There is a wonderful and comparatively unknown world of myth waiting to be mined along the highways and by-ways of these mountains. To discover this bonanza of fancy, you must seek out the old ones and listen with the attentiveness and faith of a child to the things they have to tell.
When they set to talking, the jingle of the mythmaker’s coinage in their heads, they give new and wondrous meaning to this valley, or yonder mountains, or that river bend, or the great mass of stones jutting there toward the sky.
As the nuggets of myth and fancy crop up, take a map of the Carolina highlands and mark the spot where each find was made. For this is to be your guide into a land where the mythmaker left his mark. You will want to go up this road and down that one, stopping here to listen for strange voices and pausing there to look for strange creatures.
And right here is good as place as any to begin the pilgrimage into the mountain myth world – here in the narrow-walled valley of the Nantahala, which the Cherokees called the Valley of the Noonday Sun.
Up there where the overhanging cliff is the highest is the haunt of the great snake Uwtsunta, the bouncer, named by the Cherokee because it moved by jerks like a measuring worm, with only one part of its body on the ground at a time. Uwtsunta generally stayed on the east side where the sun came first in the morning and used to cross by reaching over the highest point of the cliff until it could get a grip on the other side, when it pull over the rest of its body. The snake was so immense that when it was stretched thus across its shadow darkened the whole valley below, and only when the sun was straight overhead did any light filter into the valley.
Now travel into the Great Smokies. There fast under Clingman’s Dome lies the mystic Lake of Miracles, a body of water visible only to those with second sight. Wounded animals, particularly bear, could be healed by bathing it.
At the head of Cheowa River on the Macon-Graham border is Swim Bald mountain where a monster horney once had its nest. When it wasn’t flying above the treetops it was sunning itself on the bald. It was so fierce it drove away anyone who came near the mountain.
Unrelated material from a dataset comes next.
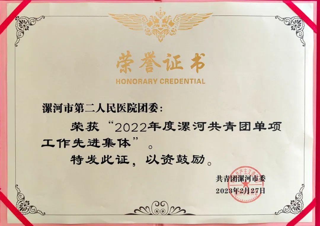 2月28日,共青團(tuán)漯河市五屆十二次全委(擴(kuò)大)會議召開,市二院團(tuán)委因志愿服務(wù)工作被表彰為“2022年度漯河共青團(tuán)單項工作先進(jìn)集體”。
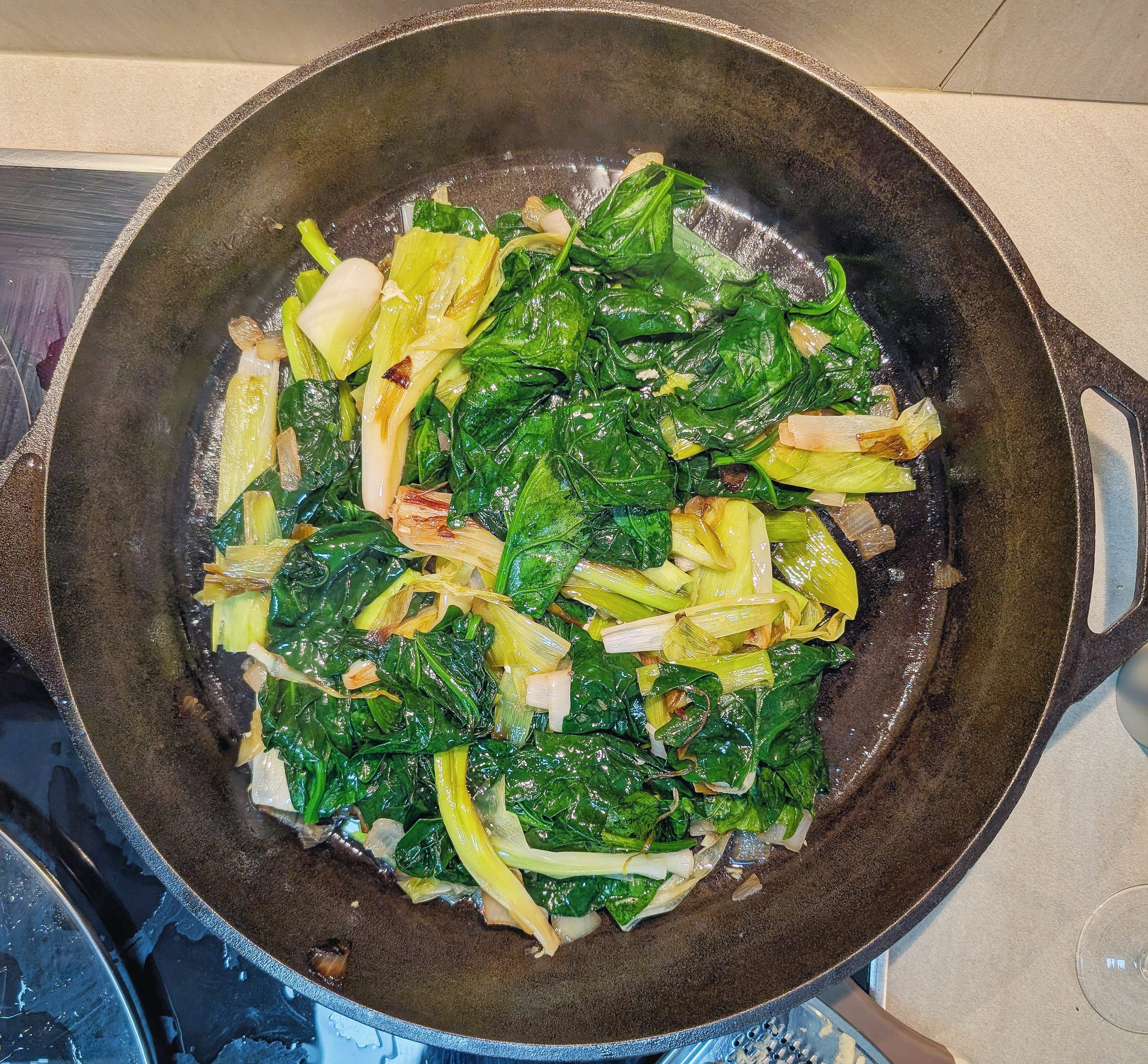 Ce midi c'était : poireaux, épinards, oignon rosé de Roscoff, beurre cru, huile d…

At Whiteside Mountain in Jackson County near Cashiers is where Utlunta or Spear-finger, whose food was human livers attempted to build a great rock bridge through the air to Hiawassee near Murphy – a distance of a hundred miles – but lightning destroyed the span before it was completed. Pieces of the bridge can still be seen.
Near East Laport is Jutaculla Rock, which bears the handprint of the giant Jutaculla who could drink a stream dry at a gulp and who used lightning as arrows for his bow.
There are two bald spots on a mountain at the head of Little Snowbird Creek near Robbinsville where a mysterious being, having the form of a giant, with head blazing like the sun, once landed. When it flew away the herbage was burned away where he had landed, thus the bald spots.
Above Bryson City on the Tuckaseegee River is a deep hole where a family of water bears lived. And there are two red dogs, the Cherokee used to say, who lived under the water just above the village of Cherokee.
Gregory Bald in northern Graham County was known to the Cherokee as “Rabbit Place”. Here the rabbits had their townhouse and here lived under their chief, the Great Rabbit. In olden times people could see him. He was as large as a deer, and all the little rabbits were subject to him.
Throughout the mountains, according to the old Cherokee storytellers, there is a race of spirits called Yunwi Tsunsdi or Little People, who live in rock caves. They are little fellows, hardly reaching up to a man’s knee but well-shaped and handsome, with long hair falling almost to the ground. They are great workers and fond of music.
At Franklin is the famous Nikwasi mound, which is peopled by the Nunnehi or the Immortals.
Tsulkalu, the slant-eyed giant, had his home on the Pigeon River near Waynesville.
These are only a few of the places where the myth world of the mountains comes alive. There are many, many more. And as you talk to the old, you will learn of them and put them on your map.